Ketika mendengar ulasan tentang kelalaian polisi dalam mempergunakan senjata api yang dipercayakan kepada mereka, saya hanya bisa mengangguk tanda setuju. Pasalnya saya sendiri pernah menjadi korban salah tembak yang dilakukan oleh seorang personel kepolisian. Namun Alhamdulillah, sebagai murid Kang Masrukhan, pimpinan Asosiasi Parapsikologi Nusantara, saya tidak pernah lupa membawa Mustika Merah Delima kemanapun saya pergi. Berkat Mustika Merah Delima tersebut tembakan yang mengarah persis ke arah dahi saya meleset beberapa inchi.

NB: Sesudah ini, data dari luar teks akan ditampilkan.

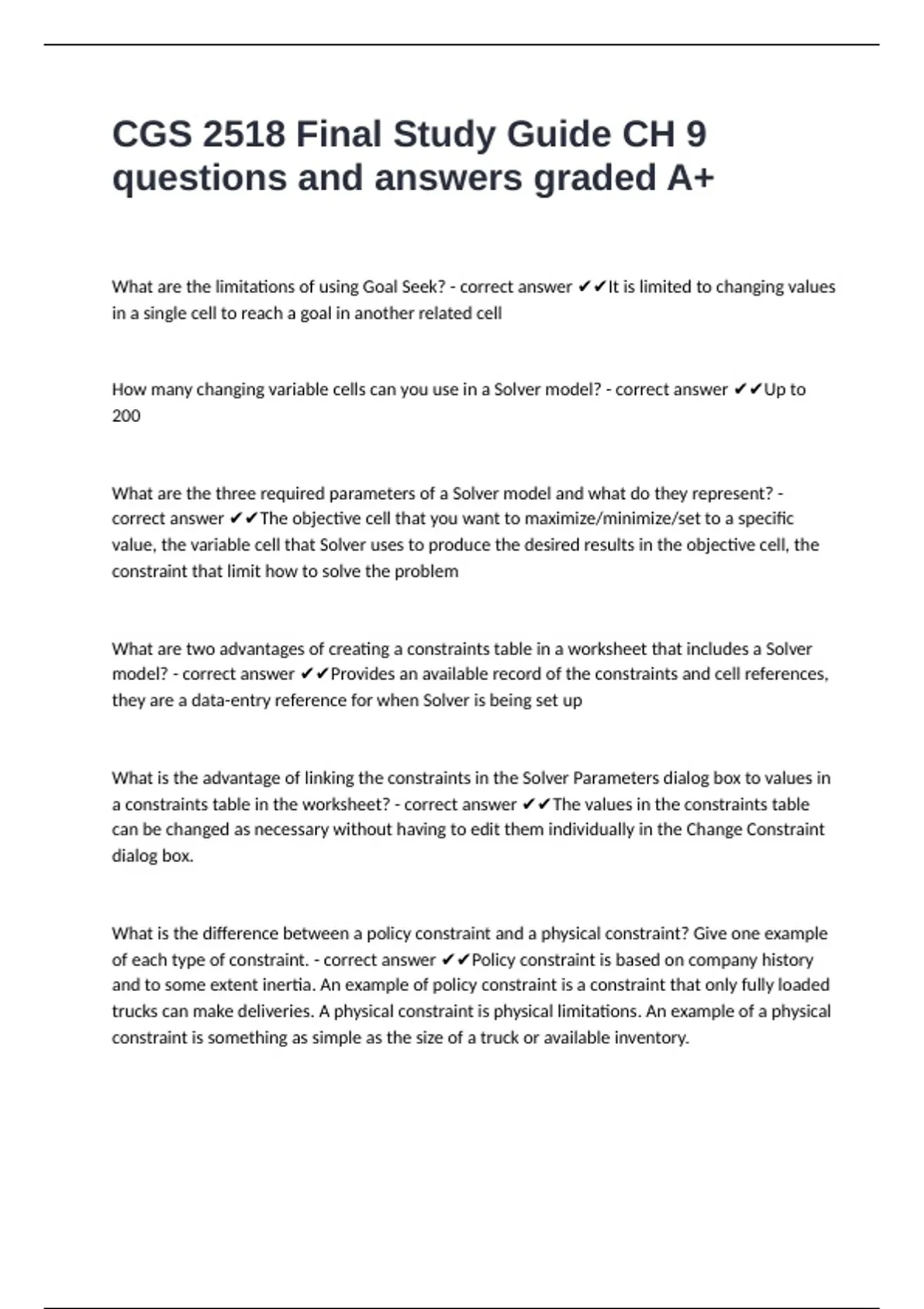 How many changing variable cells can you use in a Solver model? - correct answer ✔✔Up to

Pengalaman yang tidak akan pernah saya lupakan tersebut terjadi sekitar tiga minggu sebelum hari lebaran tahun lalu. Saya yang tidak tahu apa-apa kebetulan tengah berjalan di sebuah gang tikus ketika seorang polisi mengejar tersangka pencurian yang berusaha melarikan diri. Entah karena sempitnya gang atau karena gesitnya si pencuri, ujung pistol yang diacungkan petugas kepolisian tersebut malah mengarah ke kening saya.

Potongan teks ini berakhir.